Start of Block
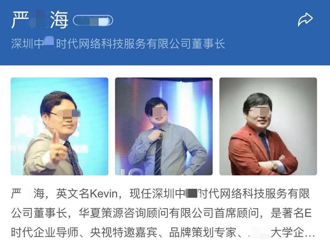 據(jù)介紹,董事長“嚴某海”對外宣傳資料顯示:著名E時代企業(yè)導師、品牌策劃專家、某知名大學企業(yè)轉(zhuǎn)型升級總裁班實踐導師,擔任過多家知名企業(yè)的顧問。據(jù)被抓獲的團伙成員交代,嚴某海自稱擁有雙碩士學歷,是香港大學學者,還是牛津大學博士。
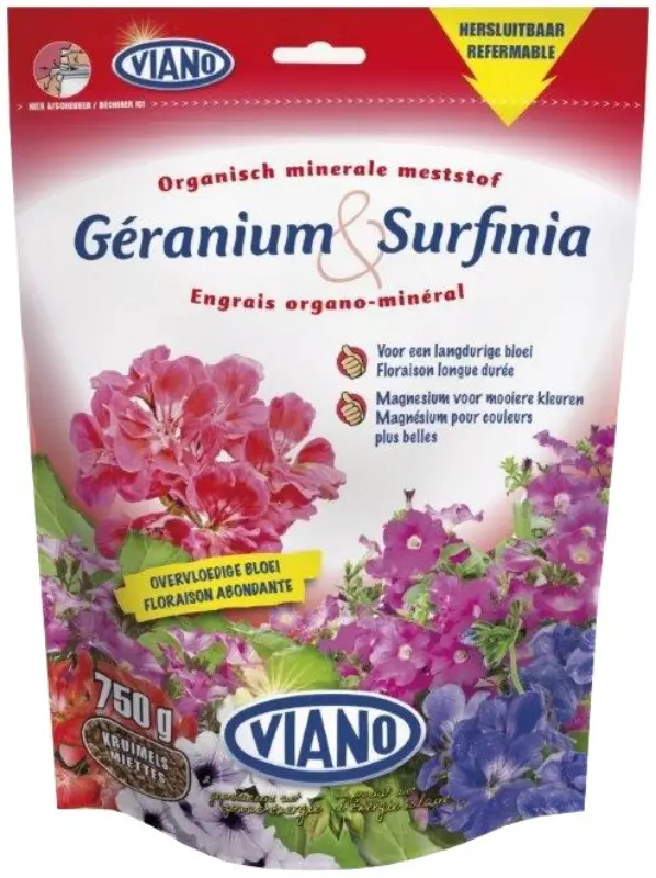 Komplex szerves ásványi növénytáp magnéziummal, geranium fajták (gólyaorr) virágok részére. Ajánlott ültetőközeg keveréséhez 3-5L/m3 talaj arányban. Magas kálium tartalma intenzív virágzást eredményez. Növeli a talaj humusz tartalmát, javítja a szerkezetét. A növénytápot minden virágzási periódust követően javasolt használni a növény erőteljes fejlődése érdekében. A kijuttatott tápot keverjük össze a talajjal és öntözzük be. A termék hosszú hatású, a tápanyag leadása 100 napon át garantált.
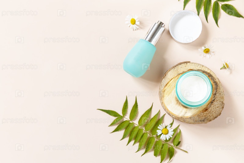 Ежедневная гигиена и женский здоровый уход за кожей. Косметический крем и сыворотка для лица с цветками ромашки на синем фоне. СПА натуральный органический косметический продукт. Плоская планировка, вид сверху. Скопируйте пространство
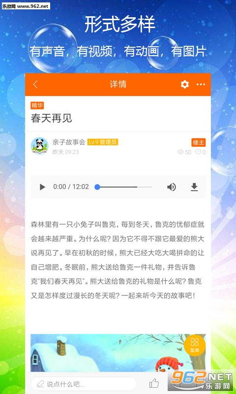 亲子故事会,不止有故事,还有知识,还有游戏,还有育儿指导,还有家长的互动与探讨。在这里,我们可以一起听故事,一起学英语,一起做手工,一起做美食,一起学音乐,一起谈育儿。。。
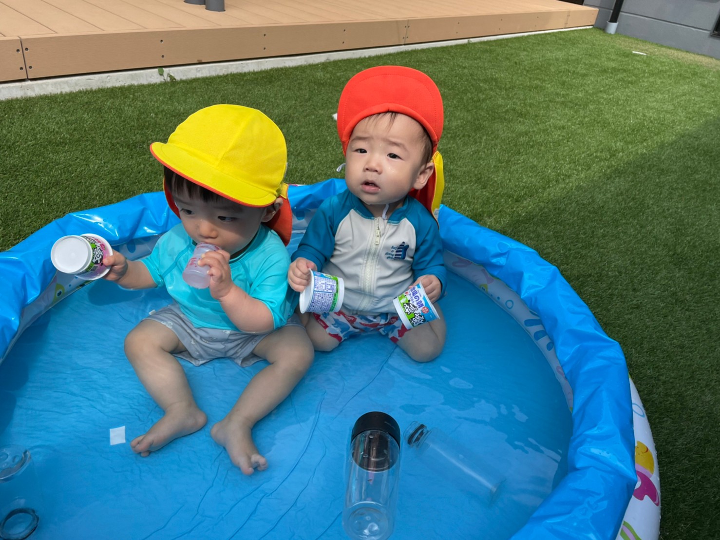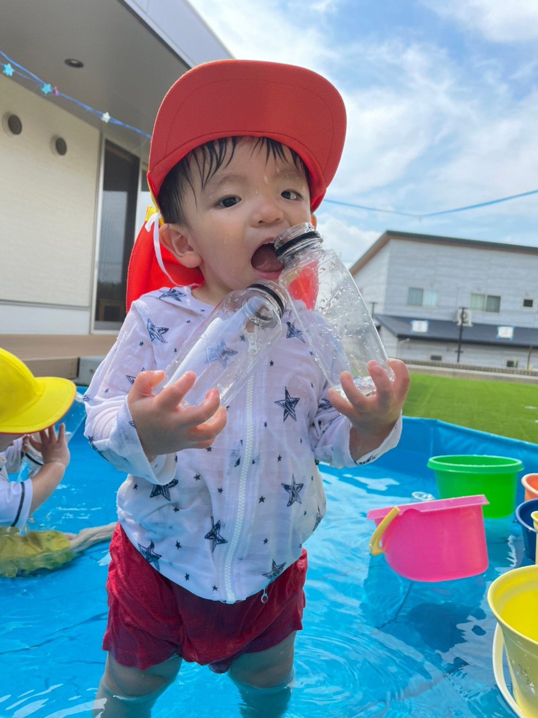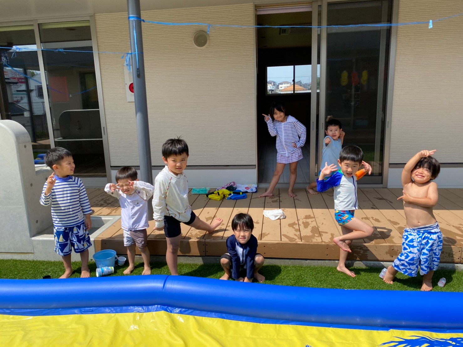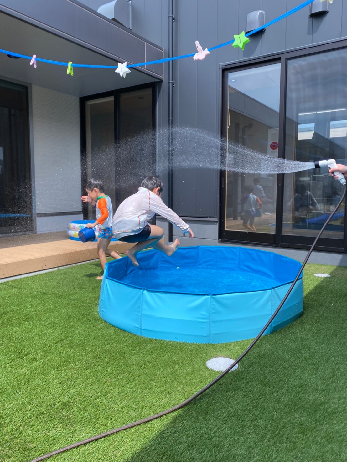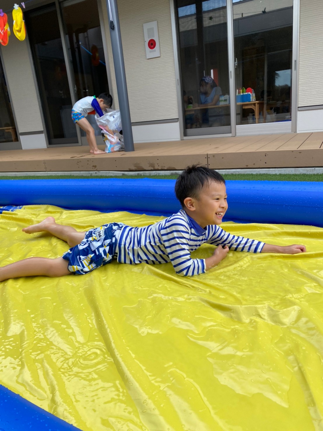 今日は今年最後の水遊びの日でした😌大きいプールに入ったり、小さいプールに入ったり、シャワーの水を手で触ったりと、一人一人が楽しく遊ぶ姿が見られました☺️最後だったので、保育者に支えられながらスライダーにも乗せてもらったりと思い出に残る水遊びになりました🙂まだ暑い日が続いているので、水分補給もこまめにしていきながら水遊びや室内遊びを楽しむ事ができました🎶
End of Block
Start of Block
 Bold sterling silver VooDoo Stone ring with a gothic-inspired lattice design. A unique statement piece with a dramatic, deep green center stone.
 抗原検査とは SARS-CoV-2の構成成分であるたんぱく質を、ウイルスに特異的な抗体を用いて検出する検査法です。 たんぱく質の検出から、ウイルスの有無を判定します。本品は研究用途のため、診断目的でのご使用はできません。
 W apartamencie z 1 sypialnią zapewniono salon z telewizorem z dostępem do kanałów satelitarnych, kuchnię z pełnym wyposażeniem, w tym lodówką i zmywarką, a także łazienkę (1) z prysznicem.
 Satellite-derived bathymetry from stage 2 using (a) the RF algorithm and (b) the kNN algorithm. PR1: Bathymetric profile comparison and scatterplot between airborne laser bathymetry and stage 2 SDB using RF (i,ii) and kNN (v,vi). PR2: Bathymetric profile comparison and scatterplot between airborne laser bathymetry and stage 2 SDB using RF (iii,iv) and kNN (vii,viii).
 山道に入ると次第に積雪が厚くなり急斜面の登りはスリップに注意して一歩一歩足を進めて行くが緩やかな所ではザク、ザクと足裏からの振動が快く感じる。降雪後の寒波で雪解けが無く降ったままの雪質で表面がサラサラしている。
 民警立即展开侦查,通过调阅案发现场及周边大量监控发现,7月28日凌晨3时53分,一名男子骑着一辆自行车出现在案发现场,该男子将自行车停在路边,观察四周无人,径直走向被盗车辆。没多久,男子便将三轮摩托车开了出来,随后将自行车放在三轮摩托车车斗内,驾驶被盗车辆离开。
End of Block
Out of the entries above, write out only the lines between the line holding "Satellite-derived bathymetry from" and the line holding "山道に入ると次第に積雪が厚く", inclusive, each exactly as given.

 Satellite-derived bathymetry from stage 2 using (a) the RF algorithm and (b) the kNN algorithm. PR1: Bathymetric profile comparison and scatterplot between airborne laser bathymetry and stage 2 SDB using RF (i,ii) and kNN (v,vi). PR2: Bathymetric profile comparison and scatterplot between airborne laser bathymetry and stage 2 SDB using RF (iii,iv) and kNN (vii,viii).
 山道に入ると次第に積雪が厚くなり急斜面の登りはスリップに注意して一歩一歩足を進めて行くが緩やかな所ではザク、ザクと足裏からの振動が快く感じる。降雪後の寒波で雪解けが無く降ったままの雪質で表面がサラサラしている。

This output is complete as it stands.